You can try it out for yourself, if you so please, but do be warned that performance was not a concern with this project. Dragging the left mouse button on its own will rotate the camera, and scrolling the mouse wheel will zoom in and out. Pressing CTRL will toggle a rain effect. Pressing spacebar will toggle the ability to draw in the water with your mouse. From my experience, certain browsers dislike this and lag a lot, whereas others run very smooth, so your mileage may vary depending on your current browser.
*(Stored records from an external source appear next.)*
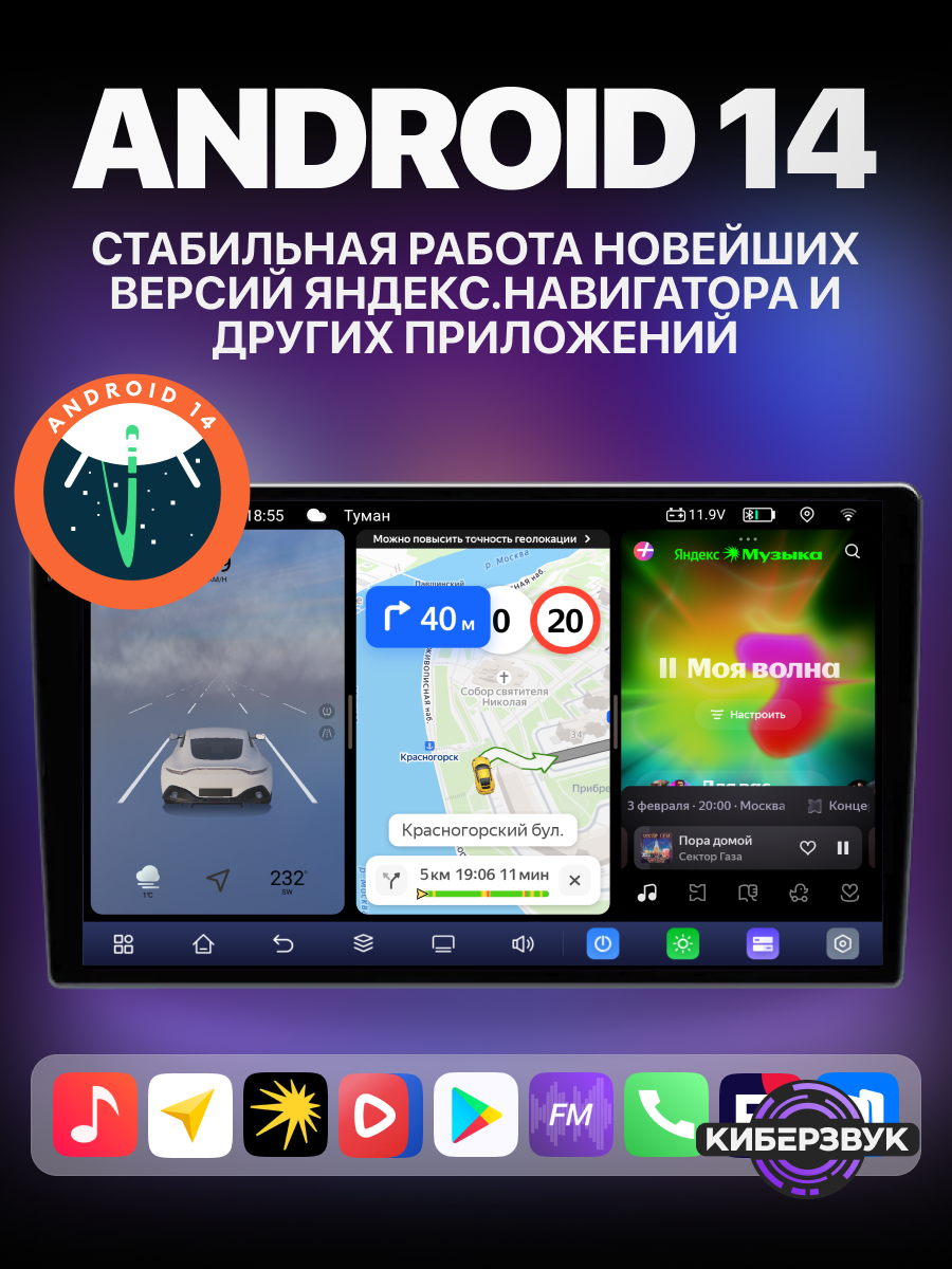 Магнитола работает на реальном Android 14, а это значит, что она поддерживает современные приложения, обновления и имеет понятный интерфейс.
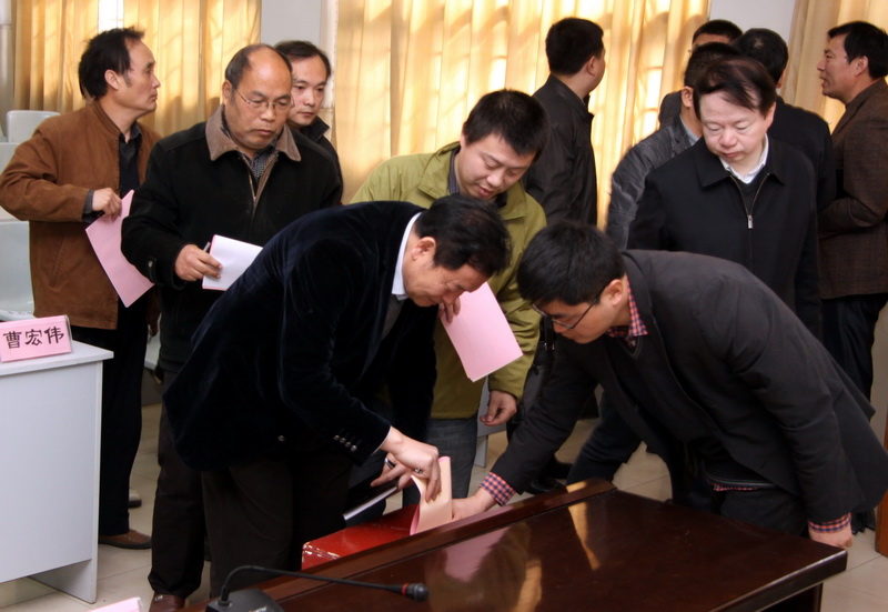 随后,全体与会人员仔细认真填写《学院领导班子民主测评表》《学院领导干部民主测评表》和《校级领导干部无任用民主推荐表》后,依次投入投票箱。
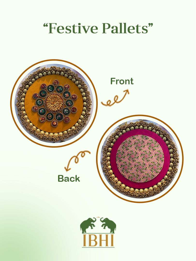 Handle your IBHI products delicately to preserve their beauty and longevity. Display them in a safe place where they can be admired. No amount of sunlight will affect the quality and finish of the product. The fabrics used are digitally printed using high-grade inks and pigments, making it sunshine friendly. Store them in a dry place to avoid moisture damage. To clean, gently dust with a soft cloth or a soft-bristle brush, and avoid using harsh chemicals or water directly on the fabric and embellishments.
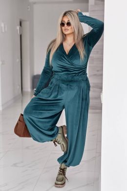 Стильний жіночий костюм у трендових відтінках, що поєднує комфорт і витончену жіночність. Виконаний з м’якого, приємного до тіла велюру з легким благородним блиском, який красиво переливається при русі.
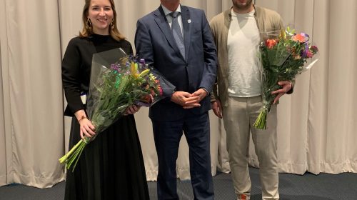 Fotobijschrift: Gedeputeerde Jan de Reus overhandigt bloemen aan Merel Rozier (Sweco) en Wouter Giessen (TripService)
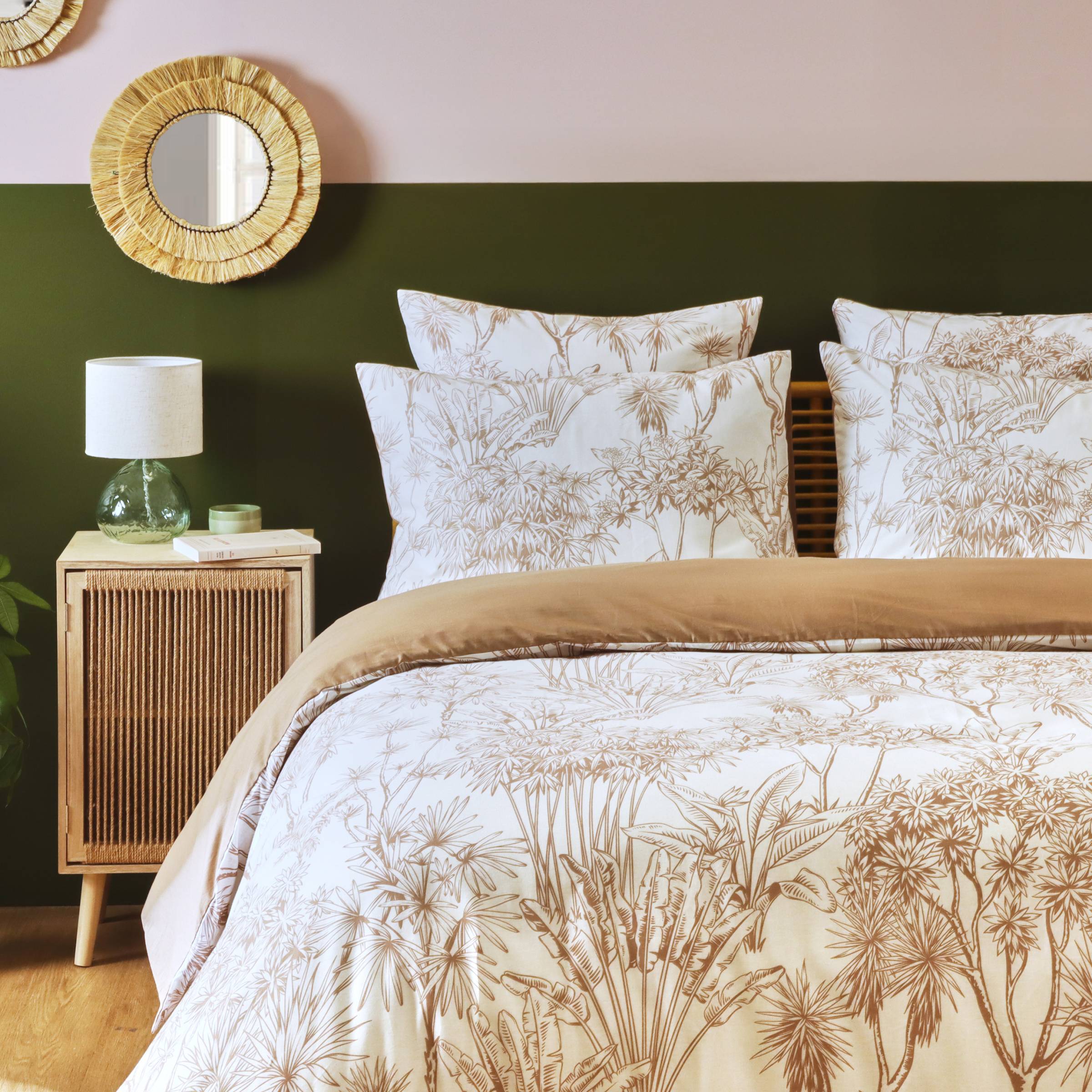 Imprimé : housse de couette à motif floral recto et unie au verso.
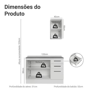 - 31cm de profundidade nos aéreos e 52cm no balcão
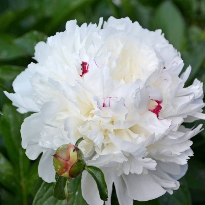 Цветок густомахровый, плотный, чисто-белый, в центре на кончиках лепестков метки красного, диаметром 20 см.
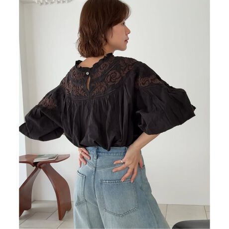 ◆温もりが映える、たっぷりギャザーのハンド刺繍ブラウス
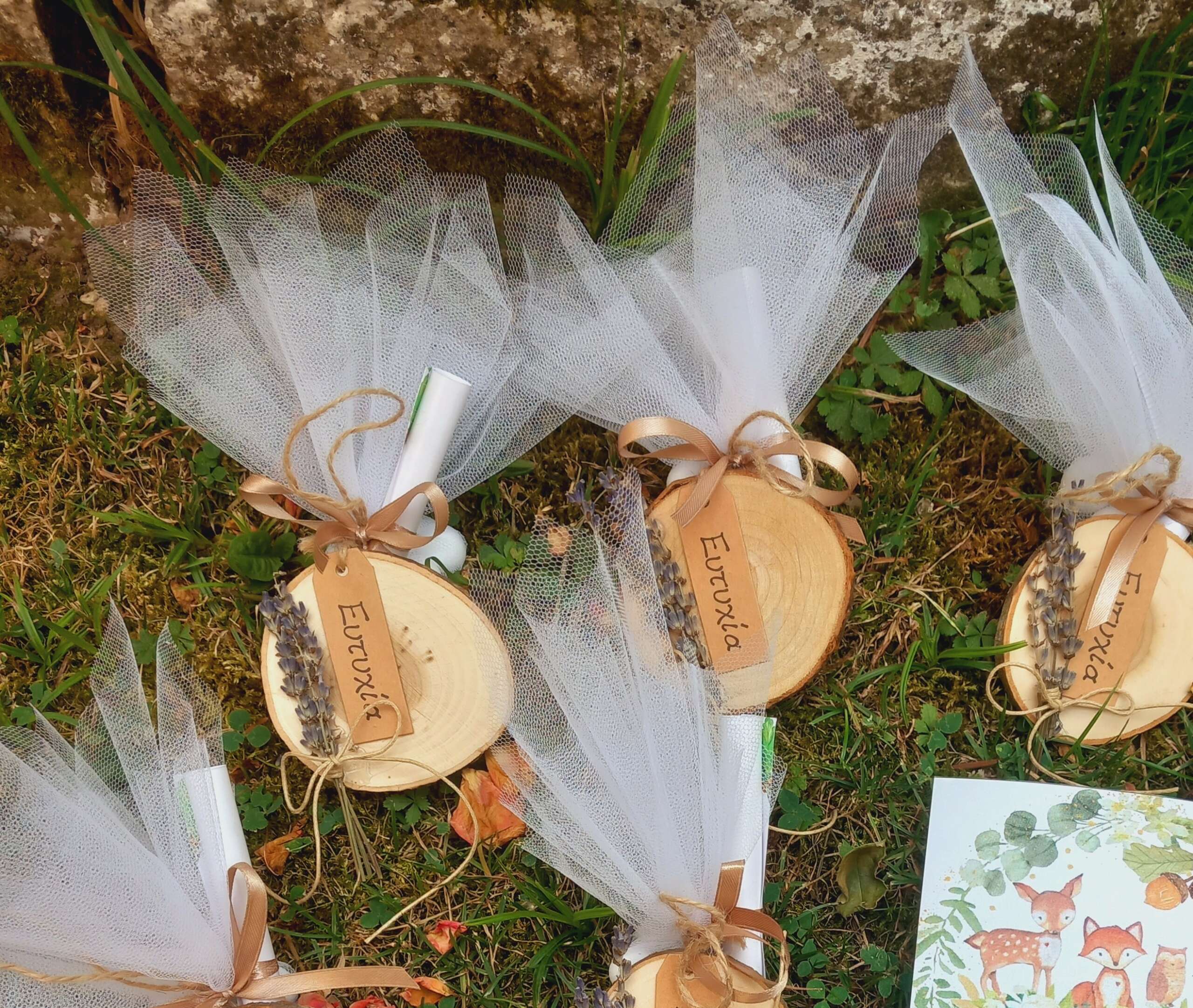 Η φυσική υφή του ξύλου σε συνδυασμό με το άρωμα της λεβάντας προσφέρει μία αίσθηση φρεσκάδας και αυθεντικότητας, ιδανική για γάμο, βάπτιση ή οποιαδήποτε ιδιαίτερη στιγμή.
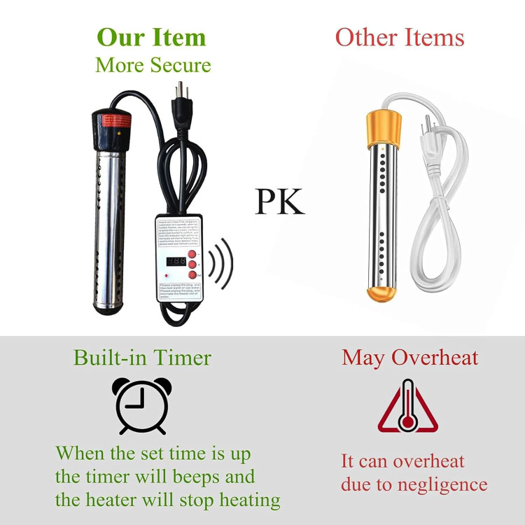 - Experience durability and safety with our immersion heater, featuring a fireproof fiber shell and 304 stainless steel guard.
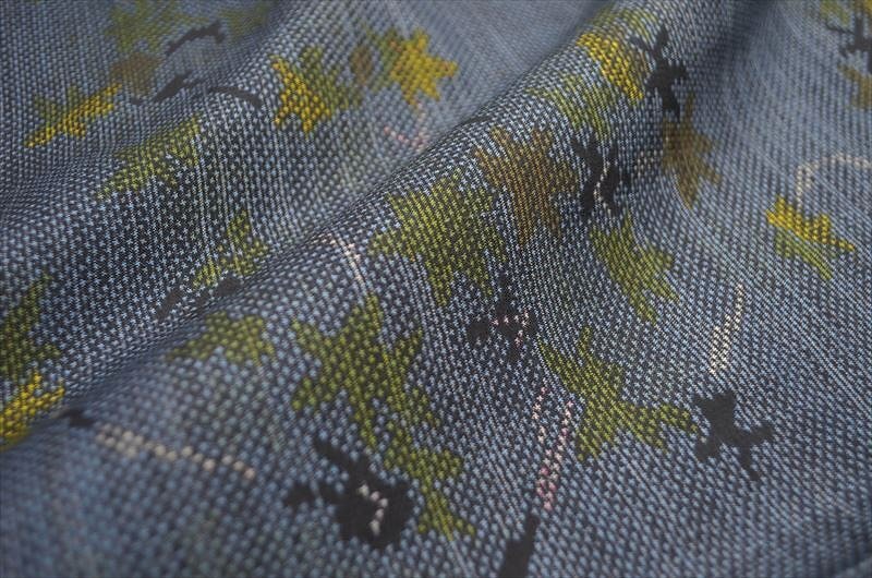 抽象的模様のような柄を一元式にて織り上げた本場大島紬です。
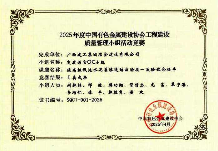 近日,中國有色金屬建設(shè)協(xié)會公布2025年度中國有色金屬協(xié)會工程建設(shè)質(zhì)量管理小組活動(dòng)競賽結(jié)果,冶建公司申報(bào)的4項(xiàng)成果中,有三項(xiàng)獲得Ⅰ類成果,一項(xiàng)獲得Ⅲ類成果。公司此次申報(bào)獲獎(jiǎng)率100%。

Unfortunately, Flash doesn't support floating point textures, so everything had to be stored per vertex. Due to limitations in how (I think that) Flare3D works, custom vertex data can be assigned to a Surface3D on top of a mesh (such as a Plane, as is used in this simulation). Due to either a bug or misunderstanding, only a single piece of additional data could be added to each vertex, with a maximum of four components. With that in mind, I added a single color channel to each vertex; in other words, each vertex had X, Y, Z, and W components in a Surface3D in addition to its usual XYZ. Using PixelBender, the vertex data is sent into various shaders, such as simulation update, normals update, and water droplets (which is used when the mouse is moved to disturb the surface, and also for rain). The four components mentioned earlier represent the height, velocity, normal X, and normal Z respectively. In the final shader, the complete normal is recomputed from the Z and W components of the vertex color (normal X and normal Z), and the position of each vertex is offset by its corresponding height. The shader also includes blended normal maps, specular highlights, diffuse lighting, sunlight simulation, cubemap reflection, scene reflection and refraction, wave colors, and foam colors.